Tomb of Khan-e-Jahan Bahadur Kokaltash () is a 17th-century tomb of a Mughal governor that is located in Mohalla Ganj, in the Pakistani city of Lahore.

History 
Khan-e-Jahan Bahadur Zafar Jung Kokaltash served as Mughal Sūbehdar (governor) of Lahore from 11 April 1691 – 1693. In mid of 1693, Emperor Aurangzeb Alamgir dismissed him from this office. Four years later, Khan-e-Jahan died on 23 November 1697 in Lahore and buried the location of this tomb.
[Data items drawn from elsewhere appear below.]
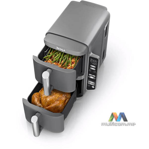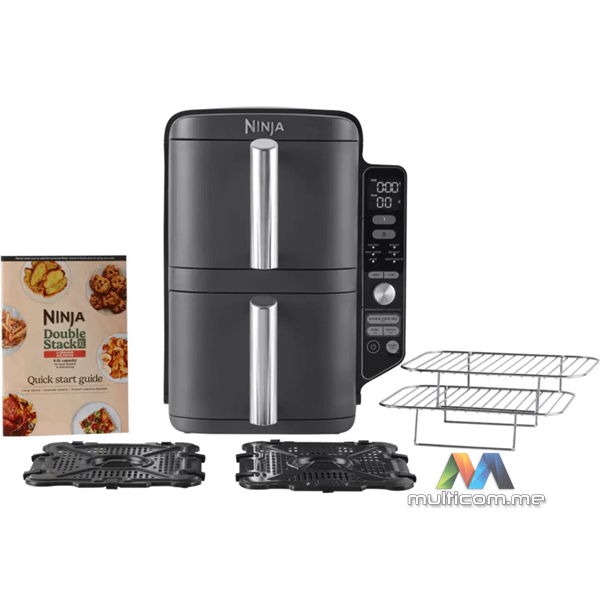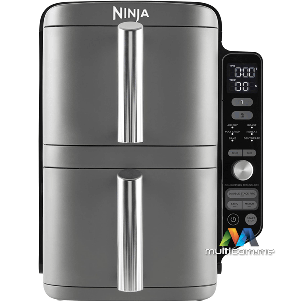 Ninja SL400EU Double Stack XL Air Fryer │ Kapacitet: 9.5 L (2 x 4.75 L) │ Funkcije: Max Crisp, Air Fry, Pečenje, Prženje, Podgrijavanje, Dehidratacija │ Načini rada: SYNC, MATCH │ Nivoi kuvanja: 4 │ Dodaci: 2 crisper ploče, 2 rešetke │ Perivo u mašini za suđe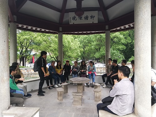 进入岳麓书院,大家沿着旁边的蜿蜒小路,穿过一片柳树林,到达了风雩亭并围坐在亭子的四周。待所有同学入座后,团支书站在亭子中间开始了今日活动的小讲话。一开始团支书总结了最近一段时间应化1601班经历的一些活动以及各种繁忙的考试,表明了这次活动的目的——放松心情,迎接更加充实的生活。团支书还提到大家目前的各种计划如考研,保研,工作等等,希望大家能够保持初心,不畏艰难,勇往直前。接着团支书带领大家正式开始了今日的“小旅行”。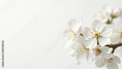 Delicate white blossoms against pure white backdrop, isolated, white background, image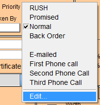 Other options which can be selected are: Rush, Promised and Back Ordered. These selections do not affect the price of the order but do allow you to track and rank your orders by importance.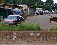 A wall near a road is covered on October 22, 2009 with the slogan "Down With Dadis," in the Mototo neighborhood of Conakry. More than 150 people were massacred in Guinea on September 28, according to the United Nations, but dozens of families are still looking for relatives who went missing that day. Some of these people are believed to be held at the Alpha Yaya military base that serves as headquarters for the leader of Guinea's military junta, Captain Moussa Dadis Camara. Photo courtesy AFP.
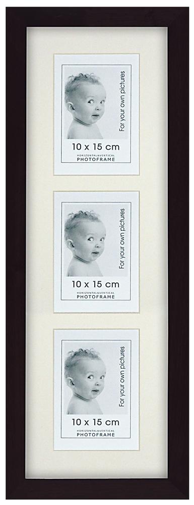Začni výber rámu »Trendline Čierny Koláž má priestor pre 3 obrázky vo formáte 10x15 cm. Vonkajšie rozmery rámu sú 21x59 cm. Rám má široký profil 25 mm, čo priťahuje pohľad na motív.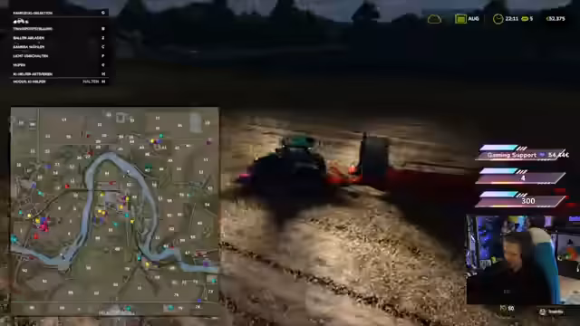 00:03:54Nach den technischen Problemen starten die Streamer in das Spiel 'Landwirtschaftssimulator'. Sie beginnen mit einem Shopping-Besuch im Spiel, um grundlegende Gerätschaften zu erwerben. Die Streamerin zeigt dabei eine Tendenz, schnell viel Geld auszugeben, was sie selbst humorvoll kommentiert, da sie zunächst keine Einnahmen erzielen. Es kommt zu Diskussionen über die Anschaffung eines teuren Mähdreschers, wobei der Chat Ratschläge gibt und darauf hinweist, dass das Mieten von Geräten eine kostengünstigere Alternative für den Anfang sein könnte.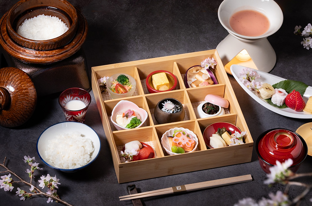 手に届きそうなほどの桜を前に心と身体が整う和朝食をご堪能ください。 -

Historic evidences are obscure about Khan-e-Jahan. Historians have different views about that who is buried here. Historian Kanhaiya Lal give remarks that he was a Vizier and Umrā-ul-Umrā during the reign of Mughal Emperor Akbar and he died in 1602. But in later Mughal History, we can find who is buried here?. He was a great noble-man, named Khan-e-Jahan Bahadur Zafar Jung Kokaltash, during the reign of Mughal Emperor Aurangzeb. Mostly historians disagree from Kanhaiya Lal's historic remark. Historian Noor Ahmed Chishti have not written any view about Khan-e-Jahan Bahadur in his "Tehqeeqt-e-Chishti", but only wrote about tomb's structure.

The grave of Khan-e-Jahan was demolished in Ranjit Singh's Era. When the Sikh Empire collapsed in 1849, and construction of Lahore Cantonment  was in underway, Some English chiefs converted this tomb into Dancing House. It is one of the last tomb, who built in the late era of Aurangzeb.

Structure 
The tomb was built in 1697–1698, After the death of Khan-e-Jahan. But certain years of construction are unknown. It is built on an octagonal platform by bricks and marble. The tomb is composed in octagon shape of architecture.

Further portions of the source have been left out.